Tseng blinked, as if only just remembering I was there with him. "...possibly."
Yeah. Thanks for the great conversation, Tseng. Not like I'm bored or anything.
"Tseng?"
"Hmmm?"
"Talk to me?"
His lip twitched upwards in acknowledgement and he turned to look at me.
"What would you like me to talk about, Reno?"
I opened my mouth... and then shut it again. Considering all the shit that had happened recently, and all the things that we could possibly discuss, I suddenly couldn't think of a damn thing to say, besides talking dirty to him, but then again, dirty talk was kinda banned during work hours.
Tseng smirked knowingly. "How's your head?"
I tensed. I practically saw the cogs turning in the guy's head, and I could sense he was trying to back me into a corner about what had happened last night. I tried to shrug it off.
"Absolutely fucking fine, boss. It was only a scratch."
Tseng's eyes narrowed just slightly. I decided to look incredibly interested in the smog-covered cityscape out the window, that I'd seen thousands of damn times before.
"Reno."
Ugh. That was his warning tone. Why did the bastard have to be so perceptive. You have any idea how annoying it is when your boss (and your lover) has a fucking built-in lie detector?

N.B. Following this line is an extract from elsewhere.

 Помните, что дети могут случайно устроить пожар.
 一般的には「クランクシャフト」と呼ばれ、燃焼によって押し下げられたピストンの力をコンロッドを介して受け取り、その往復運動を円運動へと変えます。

"Look, the fatass seemed pretty serious down there. Let's just concentrate on the job, huh?"
Okay, now he was really suspicious. And I felt like I was gonna vomit at the words that had just come outta my mouth. Nonetheless, Tseng turned back to staring at the wall like a statue, probably thinking about what torture to put me through until I blabbed.

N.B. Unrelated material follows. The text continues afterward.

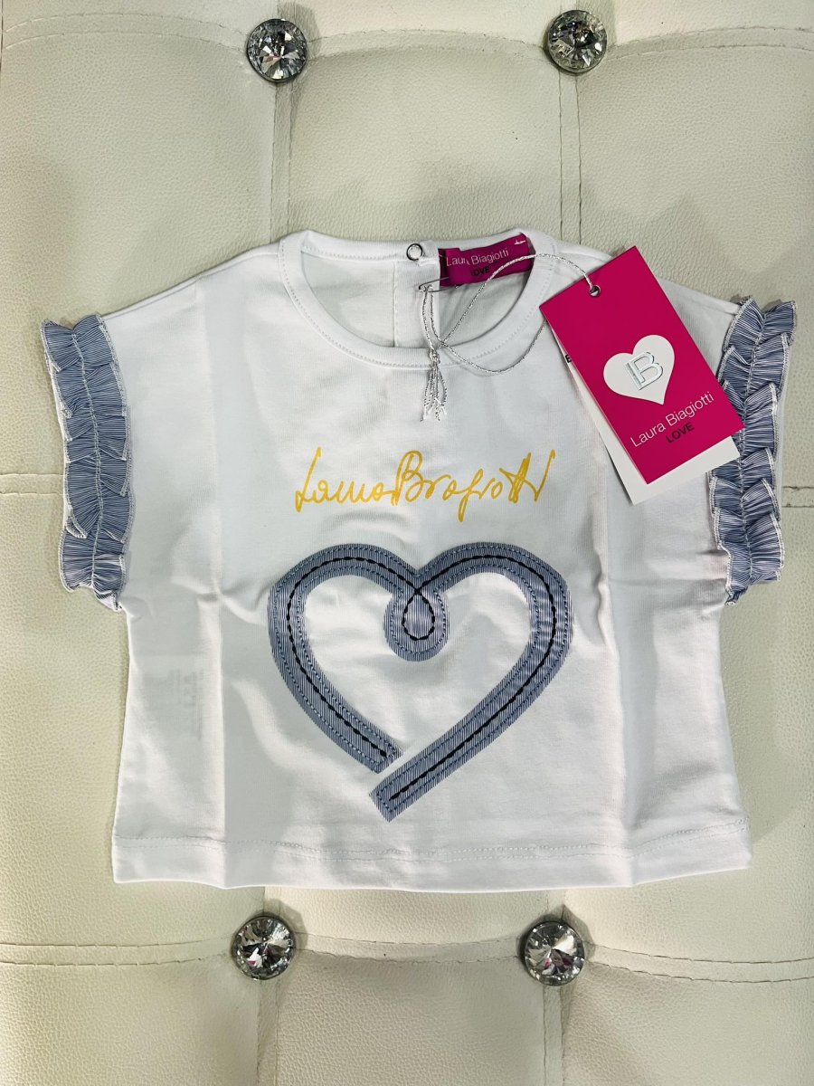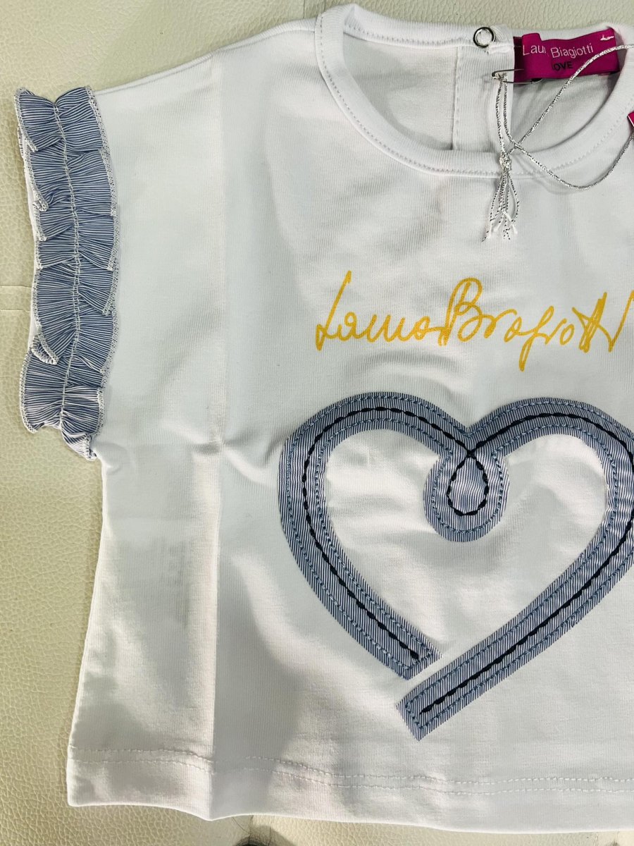 LAURA BIAGIOTTI T-SHIRT LAURA BIAGIOTTI T-SHIRT manica corta ad aletta e girocollo. grossa stampa centrale Colore: bianco composizione: cotone, elastico taglia: dalla 6 mesi alla 24 mesi

After what felt like a decade, the lift shuddered to a halt on the top floor and we stepped out.
It was chaos.
SOLDIER were everywhere. And I ain't talking about the entitled pretty-boy wannabes here, I'm talking about First Class, with muscles bigger than their damn heads, bulging in their tanktops like some of the chicks I'd picked up in my most drunken nights out. Heidigger was on the phone, standing in the middle of the red carpet that ran up the staircases, screaming obsenities at some poor bastard on the other end. Scarlet, Palmer, Hojo, and some of the other kiss-ass executives were just milling round the chaos looking lost, but there was something - someone missing.
I took a nervous side glance at that door - the door I fucking shuddered to walk past, and my eyes widened.
"Boss..."
"I see it." Tseng muttered, frowning at the door.
Rufus' door was shattered. The lock looked like someone had vented all their anger on it kung-fu style. It was hanging off it's hinges, swinging loosely, and what was inside was even worse. The desk was cleared - computer on it's side on the floor, papers strewn across the plush carpet. The window looked like it had a couple of head-shaped cracks spider-webbing across it, and the chair looked like it had been ripped to shreds by someone with serious anger issues. Rufus was nowhere to be seen.
"Make sure it gets done NOW." Heidigger bellowed down the phone, then snapped it shut, cursing to himself. He turned to the guy I could only guess was head of Soldier and nodded. "The president is three minutes out. Get to the helipad and meet him." The SOLDIERS nodded and ran up the sweeping staircase, leaving just us and a few bewildered executives in the hallway.
"Sir, can you fill us in?" Tseng said calmly, but his face looked just a little paler than usual. My stomach was churning, my throat had gone dry, and my head was banging even more than before. I knew, even before Heidigger opened his fat, bushy mouth, exactly what he was gonna say, but hearing it out loud still sent me to a whole new level of hell.
"Boys, I'm putting all Turk resources on this. No other missions. The Vice President has been kidnapped."